A guest post from Fabrício Ceolin, DevOps Engineer at Comet. Inspired by the growing demand for large-scale language models, Fabrício engineered a cost-effective local LLM server capable of running models with up to 70 billion parameters. In this guide, you’ll explore how to build a powerful and scalable local LLM environment, enabling you to harness the full potential of these advanced models.

Introduction

As the demand for large-scale language models (LLMs) continues to grow, particularly for running local AI agents, developers and researchers face significant challenges in managing the computational requirements of these powerful models. Running LLMs locally presents several hurdles, including the need for substantial hardware resources, high operational costs, and complex software configurations. These challenges are often a barrier for those who wish to experiment with, debug, and optimize LLM code without relying on expensive cloud-based solutions.

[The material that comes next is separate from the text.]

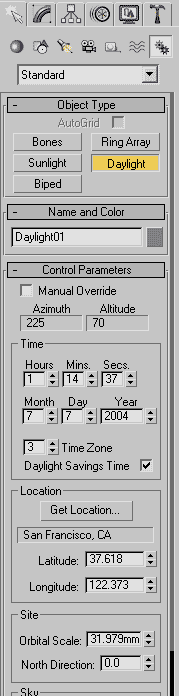 Такой способ постановки солнца является «хорошим тоном» архитектурной визуализации, поскольку именно на эти дни делаются все расчеты инсоляции. Конечно, может оказаться, что такое положение солнца для выбранной вами точки зрения на объект совсем не выгодно. Тогда предлагаю действовать по второму пути. Это расположение направления распространения солнечных лучей под углом близким к 90 градусам к направлению взгляда и 45 градусов относительно земли

This article addresses these challenges by providing a comprehensive guide to building a low-cost local LLM server capable of running models with up to 70 billion parameters. The proposed solution leverages affordable and repurposed hardware, initially intended for Ethereum mining, combined with advanced software tools like Kubernetes and OLLAMA, to create a scalable and efficient environment for LLM development.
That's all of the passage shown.